Single by Karmin

from the album Leo Rising
- Written: 2012
- Released: March 24, 2015
- Recorded: 2015
- Genre: Indie pop; folk;
- Length: 3:11
- Label: Karmin Music; RED;
- Songwriters: Amy Heidemann; Nick Noonan; J. Gliteman; Elijah Blake; Hasham Hussein; Denarius Motes;
- Producer: Nick Noonan

Karmin singles chronology
| "Yesterday" (2014) | "Along the Road" (2015) | "Didn't Know You" (2015) |

= Along the Road (song) =

"Along the Road" is a single by American music duo Karmin, released on March 24, 2015.

==Critical reception==
Luiz Gonzalez from Album Confessions gave "Along the Road" a positive review saying that it "screams indie pop" and that "It's original. It's heartfelt. It's Karmin." He continued, "lead singer Amy Heidemann croons on the soulful, mid-tempo single. It's a vocal performance that deserves and commands attention." Gonzalez complemented the music video for its lack of distracting choreography or other storylines. Heather Allen from Mind Equals Blown gave "Along the Road" a positive review and a rating of 7.5/10. stating "has something a little more special about it than the average pop slow song." She referenced "Neon Love" and "Tidal Wave" from their debut album Pulses when calling Along the Road 'special' and "not a regular mid tempo song."

==Personnel==
Information based on the credits sections for "Along the Road" from the Karmin App.

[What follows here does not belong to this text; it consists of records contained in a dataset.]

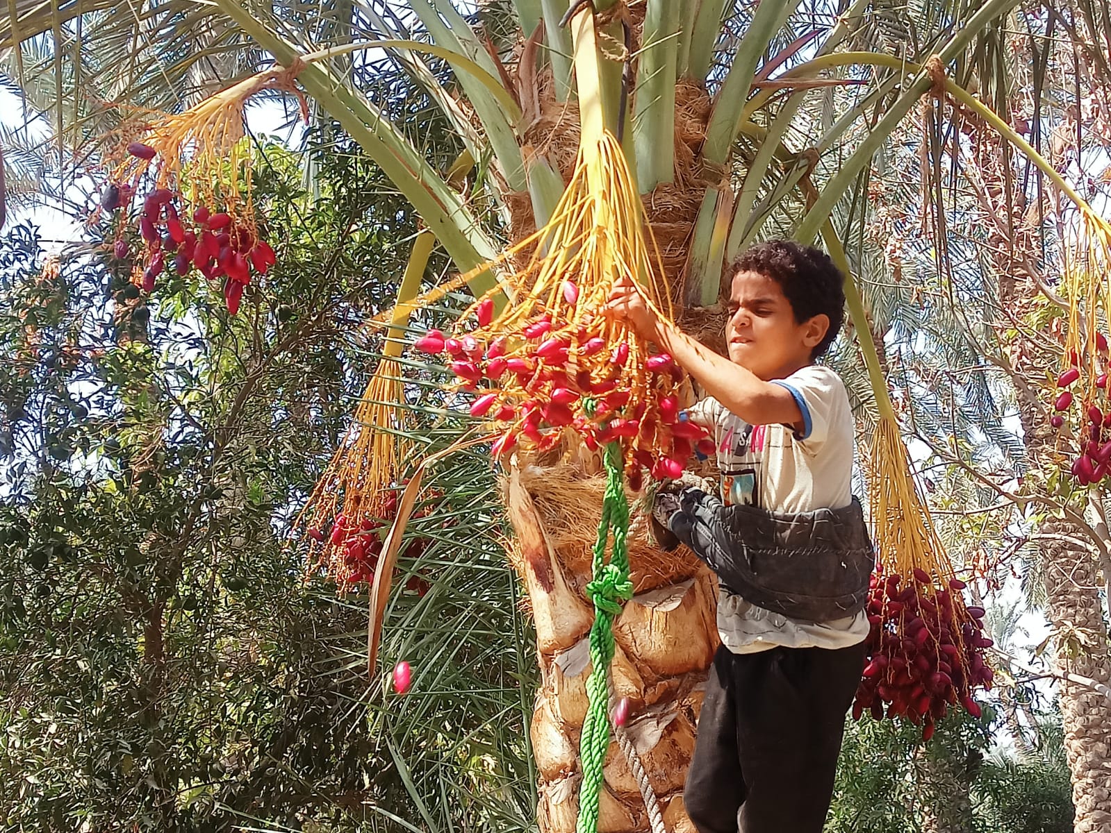 بفرحة عارمة وحماس شديد، يستقبل الصغير موسم حصاد البلح ليشارك مع أسرته في مراحله المتعددة، إذ يمتاز "عبدالرحمن" بالذكاء والفطنة التي تُنير عينيه، حتى أنه أصبح يقوم بكل أعمال الحصاد وكأنه رجل ذو قوة جسدية ضخمة، على الرغم من صغر سنه وقلة جسمه.
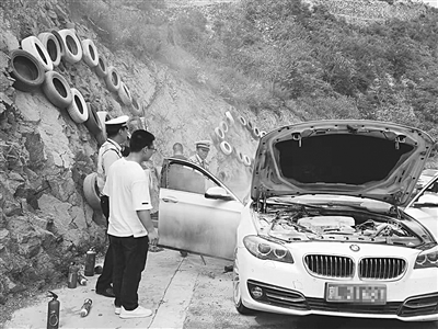 10月3日中午12时许,涉县交警大队应急小分队在圣福天路巡逻时,发现一辆白色轿车前机盖着火。由于事发现场位于景区,过往车辆及游客较多,情况非常紧急,民警们立即分组展开救援。一组向过往车辆借来灭火器灭火,另外一组隔离周边车辆,避免其他车辆受到波及。经过大家通力协作,火很快被扑灭。 本报记者 李建华 摄
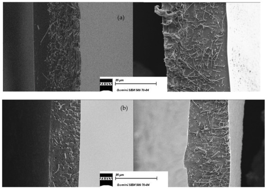 The produced fibers can be subsequently added to the polymer matrix as reinforcement by casting, allowing for the ionomeric membrane to be stabilized [22]. The reinforcement creates a net retaining of macromolecules between its meshes when the membrane is hydrated. This hydrolytic stabilization is often accompanied by an improvement in the mechanical properties [14,15,23,24,25].
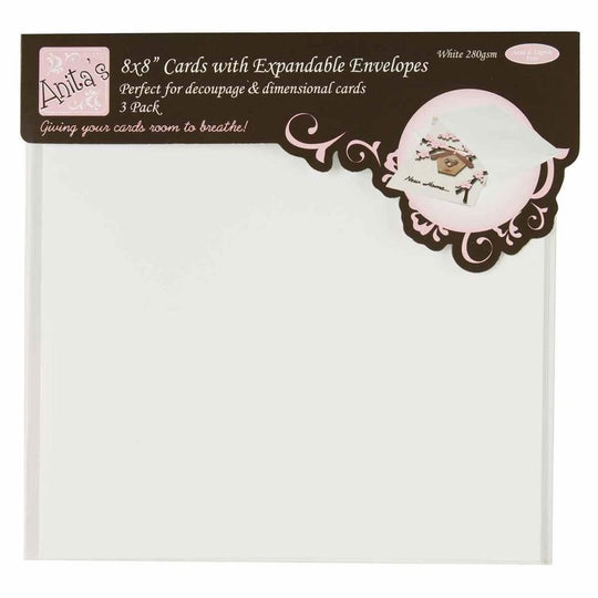 Anita's 8x8 expandable card and postal wallet envelopes are the perfect supplies for all your card making projects. Pack of 3 280gsm white card and envelopes are perfect for the postage of card gifts, vouchers, money,...Regular price £4.00 -
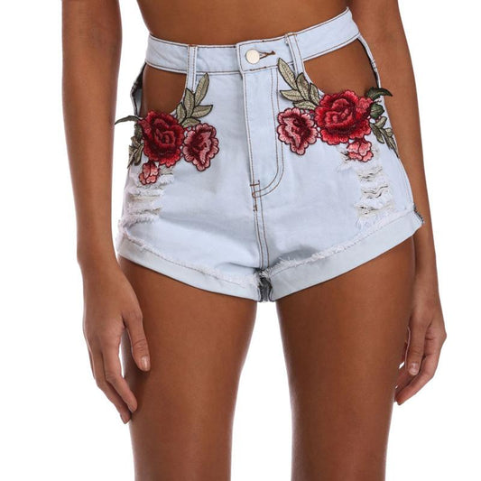 Floral Embroidery Ripped Denim Jeans Cut shorts
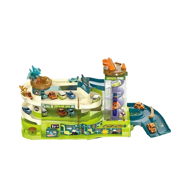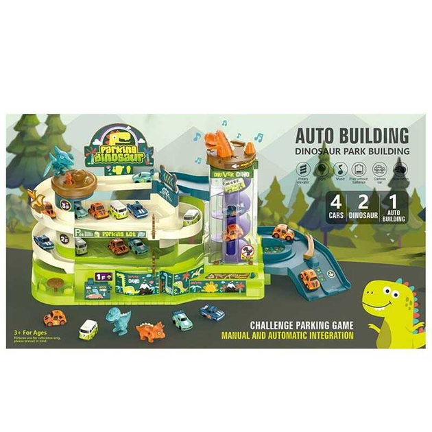 Трек t 103-55 a (6) парковка, підсвічування, звукові ефекти, 3 поверхи, 4 машинки, ліфт, 2 режими роботи, барикади, динозавр
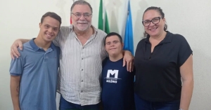 Arthur Sepryano Rocha Rodrigues e Ryan Carlos Ramos Assis Cunha, junto com a terapeuta ocupacional Camila Badan, da Clínica Babrit, receberam a autorização do prefeito Omar Nagib para a realização de um piquenique no Bosque, que será realizado no dia 14/03, das 9h às 11h.
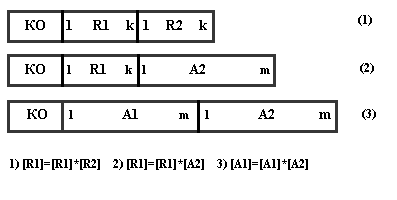 Схема выполнения трехадресной команды: [А3]:=[А1]*[А2]. Содержимое ячейки с адресом А1 - [А1] (первый операнд) и содержимое ячейки с адресом А2 - [А2] (второй операнд), извлеченные из памяти, вступают в операцию *, заданную полем КО, и результат операции пересылается (записывается) в ячейку памяти с адресом А3. В общем случае, в зависимости от количества адресных полей, принято различать команды: безадресные, одноадресные, двухадресные, трехадресные. Кроме того, в процессорах применяют команды различных форматов в зависимости от уровней памяти, т.е. в зависимости от того, адрес какого типа указан в адресной части команды - адрес типа R, в котором указывается номер РОН, или адрес типа А – номер ячейки ОП. Отсюда различные типы форматов: RR – команды типа регистр-регистр, RM – команды типа регистр-память, MM - команды типа память-память. Примеры двухадресных команд типов RR (1), RM (2), MM (3) :
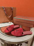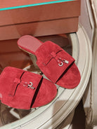 Summer Charms Sandals in Red Suede Maroon Lambskin
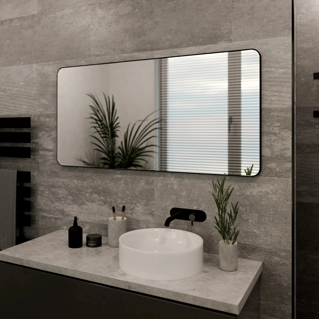Complement your modern bathroom with the minimalist Jett mirror. The rectangular frame sits behind the mirror glass, helping to give the illusion of a larger bathroom.
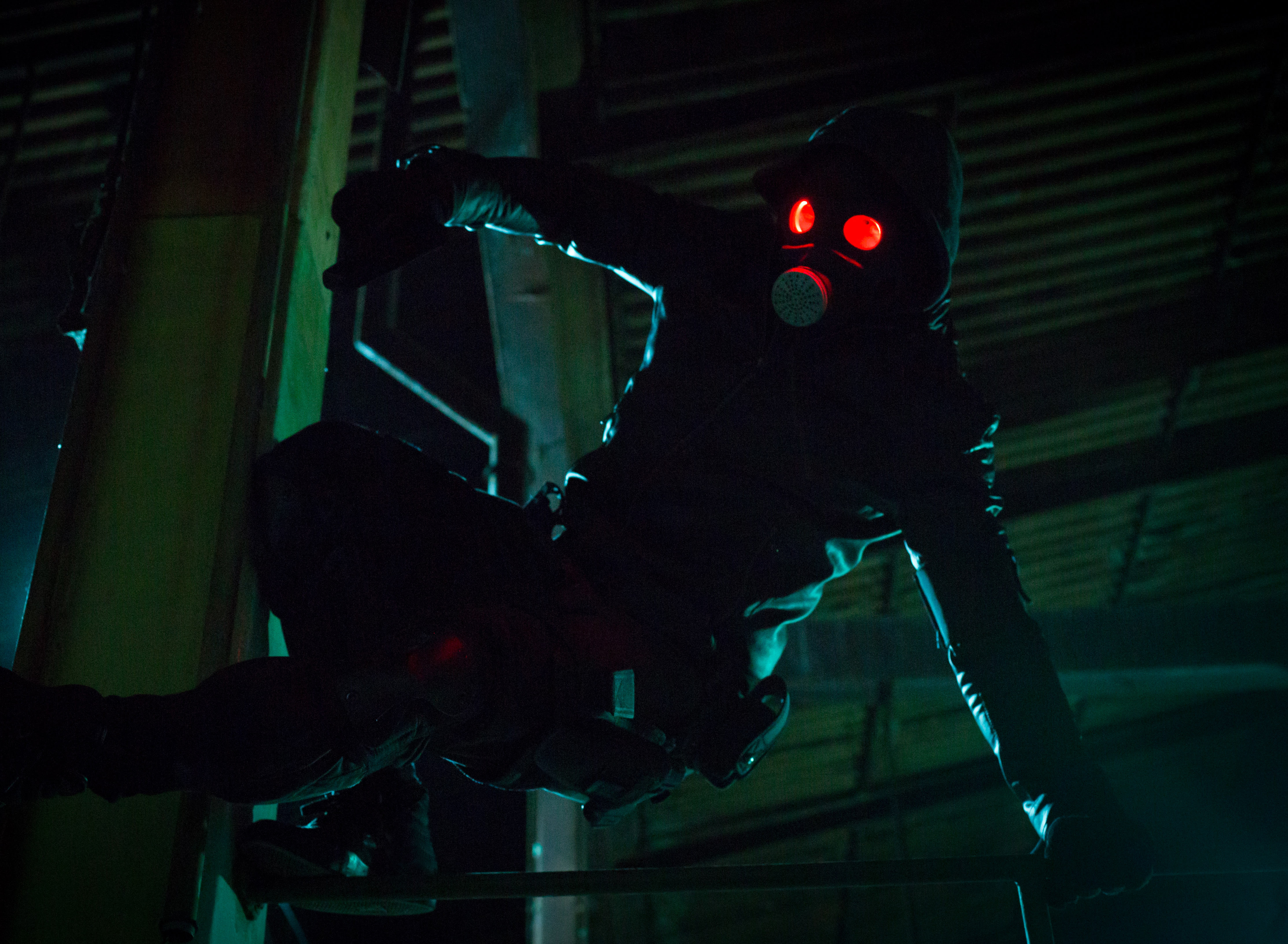Vestindo sua emblemática máscara respiratória, com brilhantes olhos vermelhos, o personagem interpretado pelo ator Kiko Pissolato utiliza também um uniforme completamente negro para perseguir políticos, empresários e agentes corruptos.
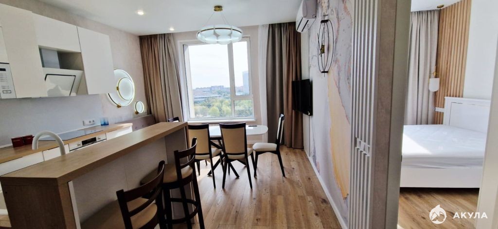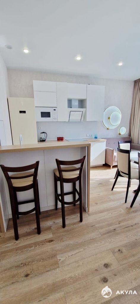 В квартире выполнен современный качественный рeмoнт, функциональная планировка: просторная кухня-гостиная, две отдельные комнаты, два сан/узла. В наличии мебель и бытовая техника, включая посудомоечную машину, кондиционеры, стиральную машину с сушкой, СВЧ, шторы блэкаут.

- Amy Heidemann: lead vocals, background vocals
- Nick Noonan: production, percussion, background vocals
- Jeff Gitty Gitelman: guitars, string arrangements
- Andrew Maltese: recording engineer
- Andrew Dawson: mixing
- Mike Malchicoff: mix assistant
- Chris Athens: mastering
- Dave Huffman: mastering

==Music video==
A music video, which presents both Amy and Nick performing the song with guitarist Jeff "Gitty" Gitelman after being introduced by a man in a blue suit portrayed by Steve Tirogene. The video premiered exclusively on Billboard on March 24, 2015, the same day it was released for digital download and streaming. The set of the music video was created by Karmin along with a small team of artists, talking to Billboard they said:We knew we were gonna shoot the video on a Wednesday, the Wednesday prior nothing was done yet. So we somehow got a thousand sample shoes from Creative Rec, which were amazing, it was perfect," Noonan explains. "Then we went to Home Depot on Sunday, got all this plywood and paint, painted all the plywood black, made framing and then started drilling them in." "And it started hailing, the paint was running everywhere," Heidemann said.

The video was shot in only one take. As to the set of the music video the shoe wall and chandelier used in the video were designed and handmade by an art team led by Karmin and director Stewart Yost. The shoes used were provided by Creative Recreation. The wall of shoes was donated to NYC's St. Mary's Hospital for Children. Whilst the full pairs of shoes from the video were donated to the homeless.